Mas na sua marcha criativa, os homens que escreveram/pensaram a História
inventaram conceitos-ferramenta que procuram abarcar todo o desenvolvimento do
processo histórico. Marx e Engels desempenharam um papel de
primeiro plano mas não estão sós nem foram eles quem inventou, como eles
próprios afirmam, o conceito da luta de classes... Não constitui problema o
facto de algumas leis e conceitos que intentam compreender todo o processo histórico
terem sido inventadas no século XIX. Problema seria se se revelassem ineficazes
e caducos ou se pretendêssemos fechar a sua abertura a novas determinações. Por
outro lado, recusar conceitos-ferramenta que abarquem o todo equivaleria a
recusar a História como ciência, equivaleria a recusar a possibilidade de compreender
o passado.
A verdade, e no caso a verdade histórica, exige uma abordagem
totalizante. O pensamento, a câmara fotográfica que vive connosco, pensa
analisando, particularizando, mas a compreensão só se atingirá integrando os
elementos no todo. Também aqui subsiste uma confusão: a que confunde visão totalizante da história e publicação total dos
documentos. Em História Moderna e Contemporânea, nunca uma visão totalizante
seria possível porque o número dos documentos é infinito. Por outro lado,
épocas há em que, embora possam ser publicados todos os documentos existentes,
subsistirão sempre larguíssimas lacunas no campo da informação. Uma visão
totalizante da História é aquela que impede, por exemplo, isolar na análise as
ideias de uma época e pensá-las de costas voltadas contra a infra-estrutura
económica-social e vice-versa.
Houve um novo modo de produção. Caracterizámo-lo em diferentes
passagens deste livro e ainda há momentos no corpo deste texto: agricultura voltada predominantemente
para o mercado e especializada, agricultura assente, não na medida do trabalho
familiar mas na medida do trabalho assalariado permanente e sazonal.

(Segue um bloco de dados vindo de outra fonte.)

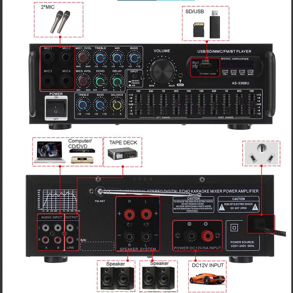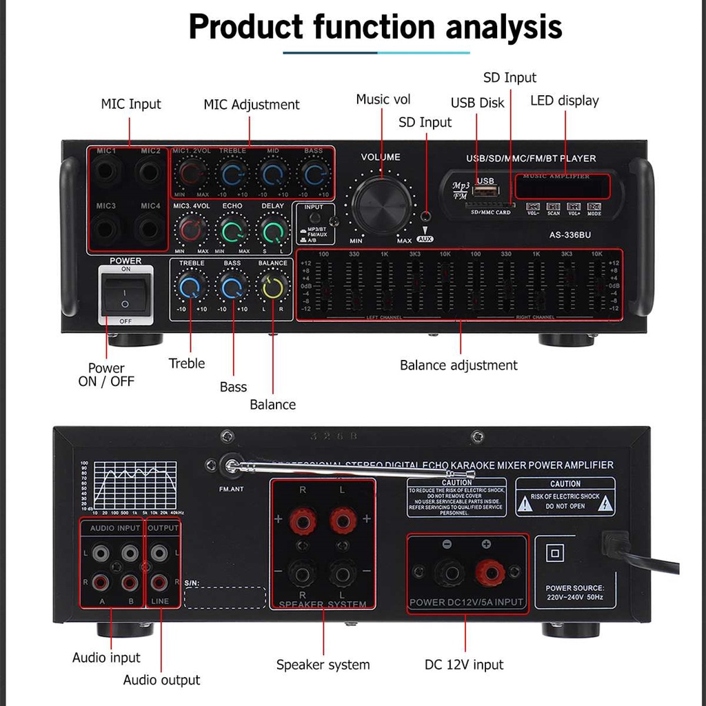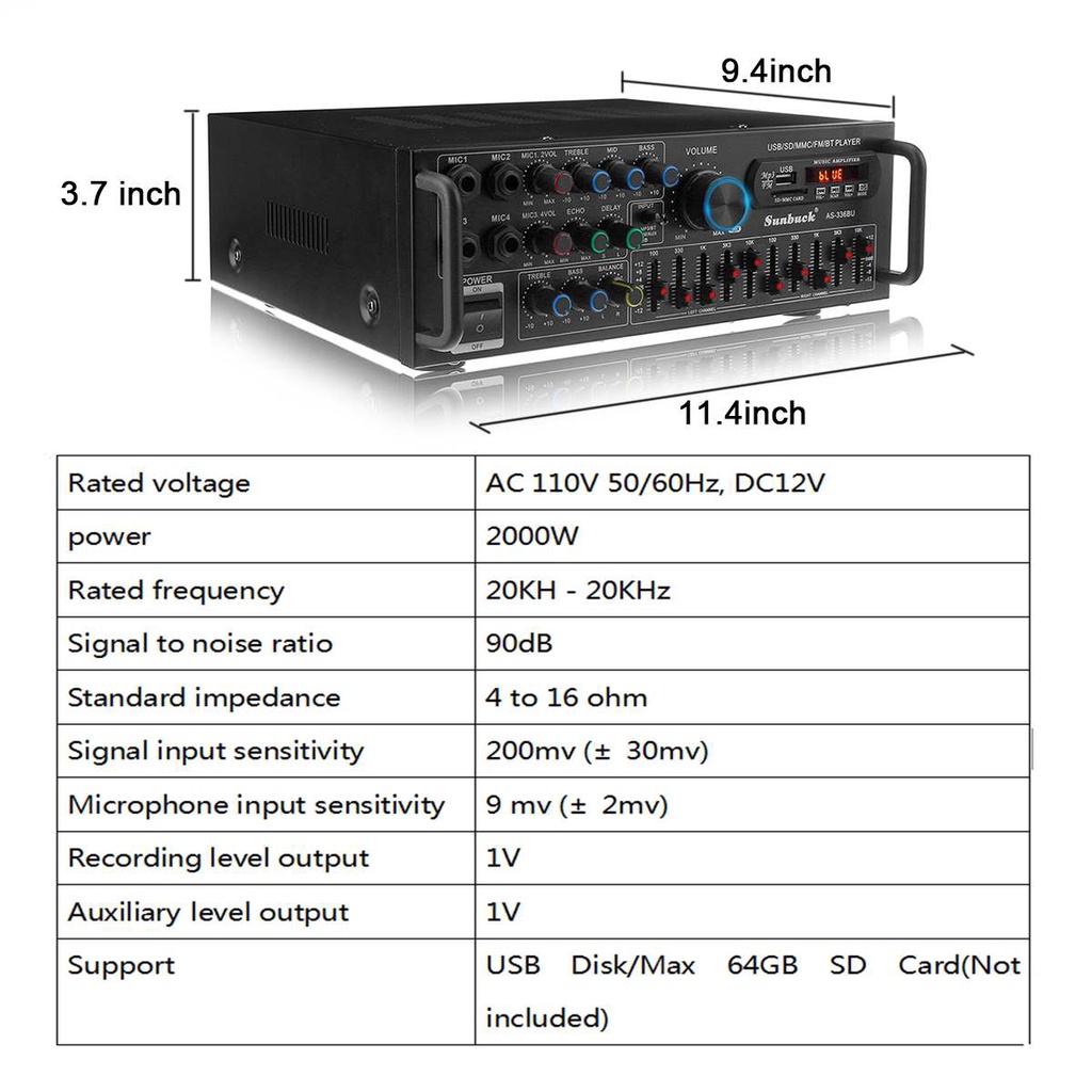 2000W Bluetooth Stereo Audio Amplifier Home Theater Karaoke USB SD AMP Surround Sound Digital Amplifier Remote Control
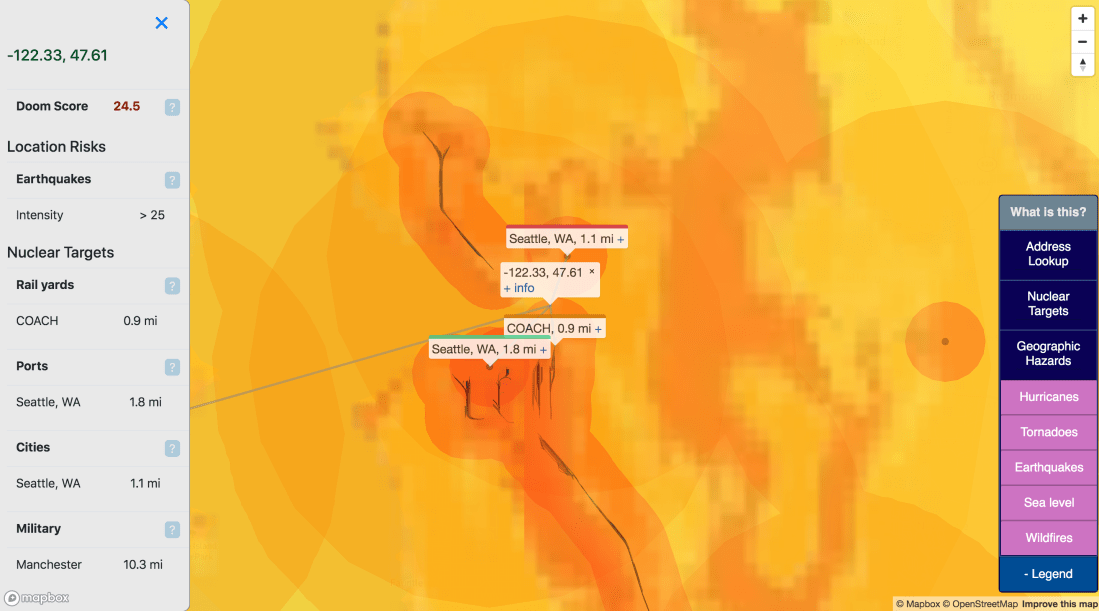 Alright, inspired by recent events, I’ve spent a bit (well, a lot) of time over the past couple months scratching an itch called “figuring out where in the US is safe from Armageddon.”

Esta agricultura extensiva e intensiva exige terra e capitais para a compra do
gado e instrumentos de trabalho, para a compra de rebanhos, para o pagamento em
dinheiro e géneros dos salários e para outras despesas com o cultivo. Esses
capitais corriam nas mãos dos homens-bons e sobretudo dos cidadãos, os tais honrados pela sua fazenda. Também em
alguns ofícios se assistira à desintegração em mestres-donos de ofício e
companheiros-assalariados e aprendizes a bem fazer.
Quanto à terra, não faltava terra para agricultar pelo novo modo de
produção. Mesmo que todo o solo pagasse renda feudal da terra, o novo modo de
produção podia existir e desenvolver-se». In António Borges Coelho, A Revolução de
1383, Editorial Caminho, Colecção Universitária, 1984.